In this video, we demo some recent enhancements in how to deploy, scale, and monitor machine learning models with Red Hat OpenShift AI.
Join us as we showcase key features like intelligent auto-scaling, which minimizes idle compute costs by scaling models down to zero when not in use. Learn how to serve large language models (LLMs) across multiple nodes, which can help overcome the limitation of single-node GPU memory. Finally, we demonstrate the power of inference graphs, allowing you to chain multiple models together to create a single, scalable endpoint for complex tasks. This demo also provides real-time visibility into model health and performance, helping you ensure your models are production-ready and fully observable.
0:00 – Introduction to the OpenShift AI platform and the model server and metrics team
1:00 – Demo 1: An end-to-end model run using a dog breed classification model.

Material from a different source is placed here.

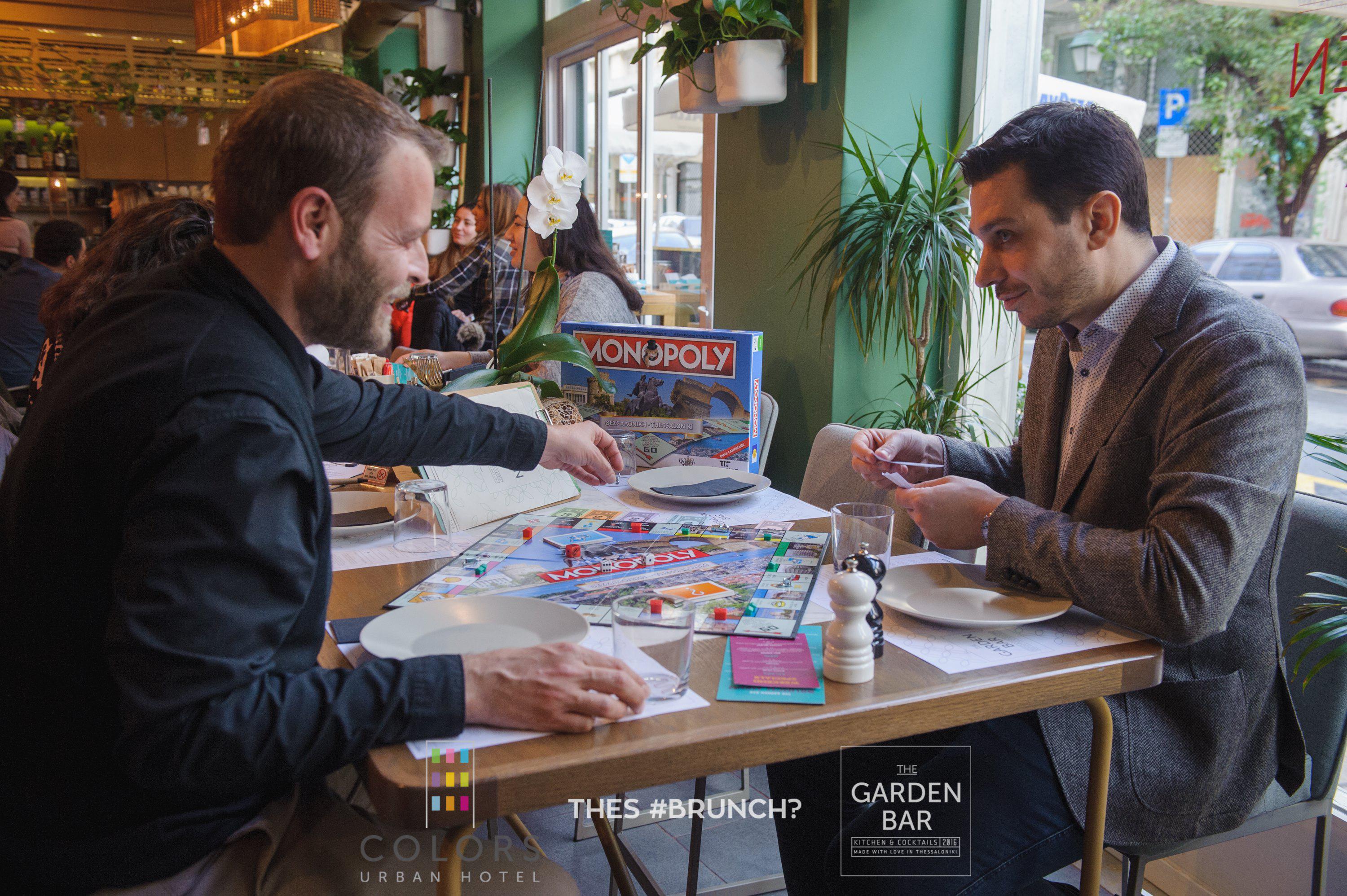 Το πρώτο thessbrunch του Φλεβάρη Την Κυριακή 4 Φεβρουαρίου έγινε το πρώτο χειμωνιάτικο event στο κέντρο της Θεσσαλονίκης. Εκεί δοκιμάσαμε ένα πολύχρωμο Thessbrunch που μας…απογείωσε. Τα τραπέζια γέμισαν και οι γαστριμαργικές επιλογές του έμπειρου σεφ Ηλία Γωγάκου ικανοποιήσαν τους θαμώνες που κατέκλυσαν το restaurant-bar του ξενοδοχείου καθώς για άλλη μια φορά η κουζίνα του Colors Urban Hotel, εντυπωσίασε. Όσοι βρέθηκαν σε αυτό το event είχαν την ευκαιρία να γευτούν από την εξαιρετική κουζίνα, αλλά και να πάρουν μέρος στο διαγωνισμό της Ellinair για να κερδίσουν αεροπορικά εισιτήρια. Σε αυτό το Thessbrunch η υπεύθυνη marketing της Ένωσης Ξενοδόχων Θεσσαλονίκης κα Χρύσα Σαραβέλου σε συνεργασία με τη διεύθυνση του ξενοδοχείου, ετοίμασαν μια έκπληξη που δοκίμασε τις ικανότητες, όσων συμμετείχαν στο event, στη… διαχείριση! Μια monopoly στήθηκε σ ένα κεντρικό τραπέζι και κέρδισε το ενδιαφέρον των παρευρισκόμενων.

1:56 – Using a transformer to normalize images before they are input to the model.
2:20 – Querying the model with a Python notebook and checking the metrics.
3:07 – The new stop annotation feature for pausing inactive models to save resources.
3:38 – Explanation of intelligent auto-scaling, including scaling down to zero when idle.
4:07 – Demo 2: Multi-node feature for distributing a single model inference workload across multiple nodes.
4:18 – Explanation of multi-node feature which helps overcome the limitation of single-node GPU memory for LLMs
4:49 – Explanation of the inference graph feature which allows chaining multiple models together.
4:59 – Demo 3: Inference graph, which involves using the image classification model to classify a dog image and then feeding that output into the vLLM model to generate a text poem
5:50 – The video concludes with a summary of the key features demonstrated.